# UKC Rally!



## Sookster (Apr 11, 2011)

I bit the bullet and finally entered Shooter in his first rally trial, a UKC trial. We attended the trial in Lawrenceville today, the same one Poolann and her boy Racer were at. Shooter has really bad puppy brain and even worse boy brain these days, so he's a handful and I entered this trial just for "practice" not really expecting to qualify. I was worried he wouldn't hold it together for the show but he really pulled through and performed for me today! I was shocked, proud, and thrilled that we walked away with two Q's and two scores in the 90's. He seems to do well under pressure, and he's very enthusiastic about working. 

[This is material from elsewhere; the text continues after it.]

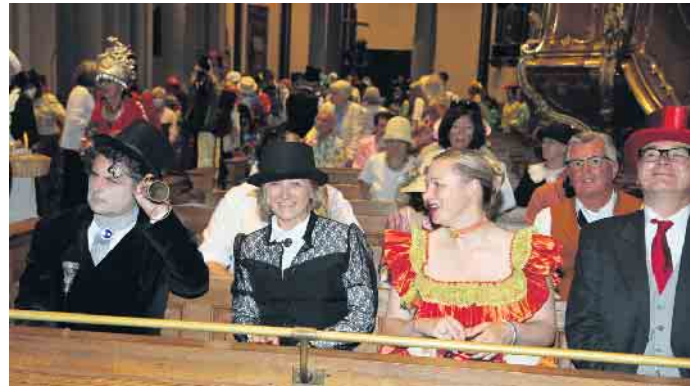
Da hat sich doch jemand eingeschlichen. Beethoven will wissen, was man heutzutage über ihn sagt.

The first run today, which I didn't get on camera, earned a score of 99, but I must admit that even though we had fewer errors on that run, Shooter was MUCH more focused on me during the second run. The 99 got us a fourth place, and his second run earned a score of 93. That one I have on video, linked below  He momentarily forgot how to down, which cost us several points, but overall he had pretty good focus and performed better than expected!


----------



## ArreauStandardPoodle (Sep 1, 2009)

AWESOME!!!!!!!! Way to go team!!!


----------



## Chagall's mom (Jan 9, 2010)

:whoo:Congratulations!







That handsome boy is full of good surprises, tail wags and beans!! Just wonderful to see! :clap2:


----------



## Sookster (Apr 11, 2011)

Chagall's mom said:


> :whoo:Congratulations!
> 
> 
> 
> ...


HA! Especially BEANS! And jumping beans at that. His feet have spouted springs over the last few weeks.


----------



## poolann (Jan 31, 2013)

Such a handsome boy! He can get away with a little puppy brain & naughtiness 

Sent from Petguide.com Free App


----------



## DreamAgility (Sep 2, 2013)

Congratulations! I am so glad Shooter did well! Aren't Anna and Racer just Lovely?


----------



## Sookster (Apr 11, 2011)

DreamAgility said:


> Congratulations! I am so glad Shooter did well! Aren't Anna and Racer just Lovely?


They are! I'm in love with Racer's HCC clip. First met Anna and Racer in Perry last fall, and it was great to get to see them again! I hear rumor that you and Dreamer may be going to the Hickory shows in a couple months?


----------



## DreamAgility (Sep 2, 2013)

That is a true fact, we *may* go if I can convince my mom. I hear that juniors can enter free of charge in some areas,and I really want to get Dreamers ukc championship. Racer is doing very well, and since they are brother and sister, she can't be that much of a sour Apple in conformation.


----------



## poolann (Jan 31, 2013)

It all depends on the judge. Jr Showmanship can be fun too. I did it as a kid 

Sent from Petguide.com Free App


----------



## cavon (Aug 10, 2010)

The two of you look FANTASTIC!!! I love his wagging tail the whole way through the course!!!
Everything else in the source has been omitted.